'I Always Say, More Boobs, Less Bra'
The designers create lingerie for Heidi's intimates line. Sarah D. Bunting gives the results a D(-cup).
Heidi assigns the challenge this week: design a look for her intimates line. The winning design will go into her collection (but only for sale on her website, which doesn't sound like a great leg-up). The sewtestants also have to make a sexy cover-up, and something something sleepover I fast-forwarded it. The designers also get bra foundations to use, so I don't know if I see the point, overall. If everybody isn't likely to crash and burn trying to build the garments, it comes down to differences in taste...and I really don't share whatever group taste gave Merline the win here.
My own intimates drawer is black/dark-color boy shorts, and the kind of highly structured, unlined demis that don't make DDs on a long torso look like a pair of angry grapefruit got trapped in a harness. T-shirt bras, thongs, and hot pink aren't things I even look at in the catalog. So, my own taste informs the rankings this week, as always...but even grading on that curve, Merline's looks to me like a pass-through on the strength of a good idea at best.
Who lifts and who separates in this week's episode? To the list.
Not a hundred on the peach-strap narrative here.
But I really like that blue, and the boy short is totally something I would wear. Plus technically it's kind of in Mets colors? And she came up with all that after stabbing herself in the hand with her shears and losing three hours to stitches/a tetanus shot.
I don't tend to feature that sort of cage/illusion cup, but the long-line aspect is nice, and I like the colors.
One of the few designers who grasps what a foundation garment is supposed to do from a scaffolding standpoint.
Yeah, the panties slumped a bit, but I love a grey brassiere
and it would scale really well for larger sizes without starting to look vest-ish. Underpraised.
His revulsion at Blake's look gets an assist from Nina this week.
J'adore the bra. It's got a Betsey vibe and looks supportive but comfortable. I like the leopard hoodie cover-up as well, to my surprise.
The bottom is problematic specifically for her model; it's not a great match with the girl's athletic build through the hips, and it looks a little too squared-off. But I liked the look a lot and it's surprising to me that the judges just passed it through.
The man's pronunciation of the phrase "camel toe" is an international treasure. They should put it on one of those Voyager-spacecraft gold records and send it to Alpha Centauri as proof that humans aren't always the worst.
I thought he'd get the win based on the tongue bath he got during judging; I'm less pro, though I really like the idea and think it would be very comfortable if made correctly.
This version is rumply and homesewn. Hat tip for the bridal-lingerie BS he comes up with on the runway, though.
Speaking of more boobs, less bra...your guest judge, Bella Thorne! The glimmer of double-sided tape I think I may have seen holding her dress bodice onto her chest only makes me like her more, for some reason. Like, she committed.
I love looking at Thorne. She's like a sunset. She's also on point with her crit, understanding where people have fat-pinching issues and what bottoms look good on what butts, knowledgeable and a little snarky. And Nina ad-libs a Game Of Thrones funny, and it's...pretty hilare! Man, she's really improved. I'd like to list the judges higher, but giving Merline the win is going to cost them a couple of spots.
The fit of the bra is boxy, and something about that chartreuse satin tipping isn't working for me, I don't know why. Maybe in a matte fabric? Or even brighter a shade of yellow?
But Candice did something different, at least, with the garter belt.
Could just as easily have ended up on the bottom.
That nude band is baffling and gives his model a dong.
Very standard, though perhaps not as dull as the judges insist. That said, there's an ongoing pattern of not quite getting it with Jake. Posen wanted him and Blake both booted; I could have lived with that.
His model asked him for more coverage on the bottom, and he doesn't succeed there.
Tim's sleepover hair
Dear Lord, no.
She's lucky others had shittier cuts; that panty looks paaaaainful.
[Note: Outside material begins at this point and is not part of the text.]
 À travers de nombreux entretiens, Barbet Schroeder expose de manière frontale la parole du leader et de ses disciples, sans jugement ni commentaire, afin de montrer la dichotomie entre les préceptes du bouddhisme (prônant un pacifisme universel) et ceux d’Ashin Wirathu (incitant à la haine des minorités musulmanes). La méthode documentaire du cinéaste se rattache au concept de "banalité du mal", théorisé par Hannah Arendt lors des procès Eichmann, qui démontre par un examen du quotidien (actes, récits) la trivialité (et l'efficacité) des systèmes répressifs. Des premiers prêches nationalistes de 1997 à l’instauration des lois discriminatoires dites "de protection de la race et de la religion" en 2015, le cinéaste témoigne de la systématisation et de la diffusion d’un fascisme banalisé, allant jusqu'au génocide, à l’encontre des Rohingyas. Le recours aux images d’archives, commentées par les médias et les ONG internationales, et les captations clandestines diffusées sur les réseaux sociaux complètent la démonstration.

The back view is even wedgier, and the knot in the center front that the judges praise looks lumpy and tucked to me. Chic color combo, but she's better than this.
...Hey, model: you into this foolishness?
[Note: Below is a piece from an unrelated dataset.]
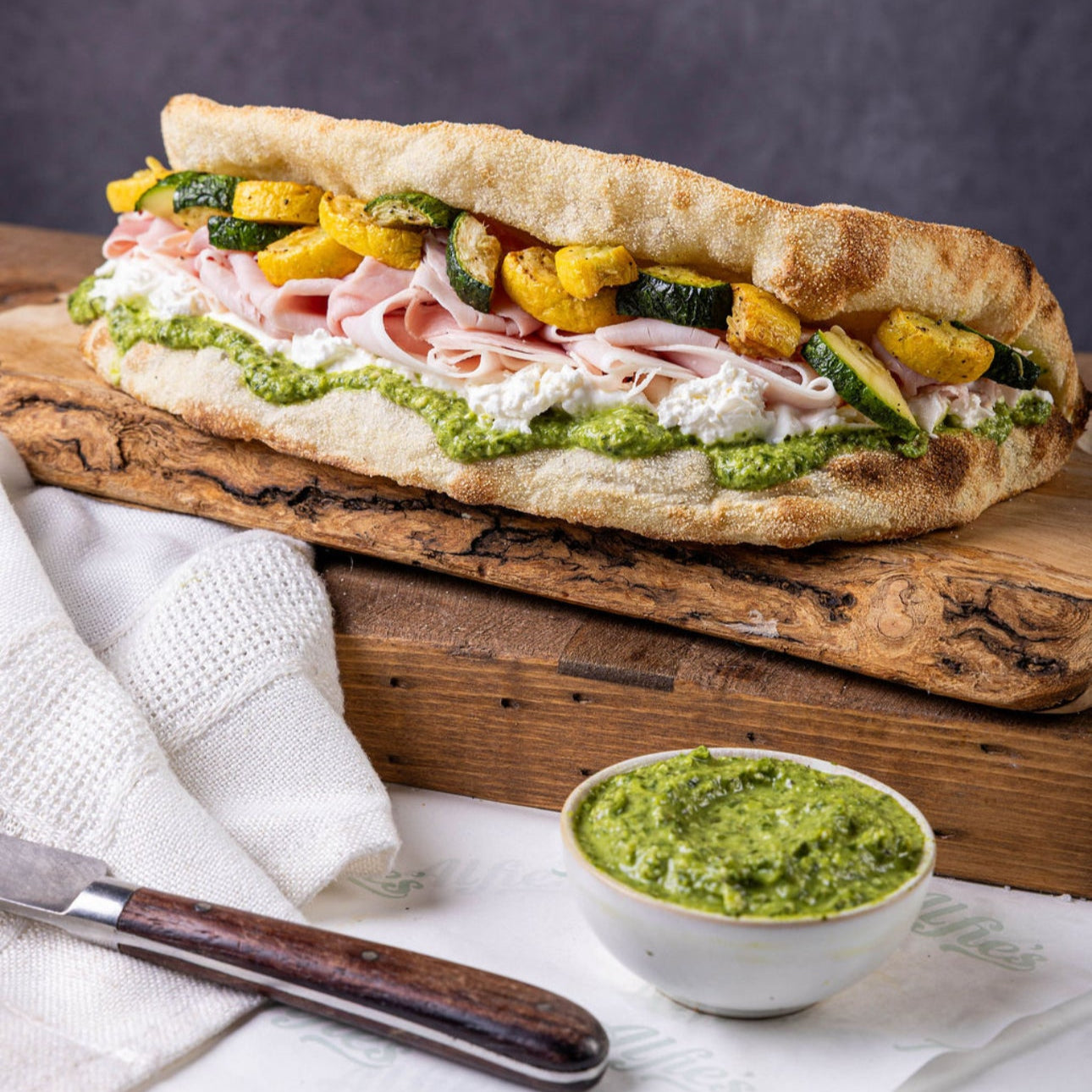 Alfie’s Donatella is a lush, Italian-leaning sandwich built on Leoncini Prosciutto Cotto, lemon basil pesto, roasted zucchini, and imported whole burrata from Italy. The prosciutto cotto brings a gentle, savory richness, while the burrata adds that creamy, indulgent center that makes each bite feel extra plush. Lemon basil pesto lifts the whole sandwich with freshness and herbaceous brightness, keeping the flavors from feeling too heavy. Roasted zucchini rounds it out with a soft, smoky-sweet vegetal note, giving Donatella a balanced, composed finish.

Me neith, girl. It's not a bad concept, but she shouldn't have gone off the rez with the construction; the lines she wants don't play like she wants them too, and the overall vibe is homemade. Nobody clocks that dowdy paper-baggy panty, either. Really a disappointing decision, because I like Merline and I didn't need this to get shat on or anything? But even the model isn't quite flat enough to sell it. And how is Laurie clocked for a center front seam on her bottoms, but Merline's LITERAL "V" on the panty is praised for mirroring the top? IT'S A "V."
His estrangement from the disportment of lady parts is played for laughs, but the judges smack that down with a quickness. It's everything we make fun of about the beachwear on the Beverly Hills, 90210 podcast
and though the judges claim to like the color -- and only the color -- it reads dated to me. Still, no color on earth could have rescued it from the droop.
He's out; I'm fine with it, though he was kind of growing on me with lines like "I don't know whatch'all do in Chicago."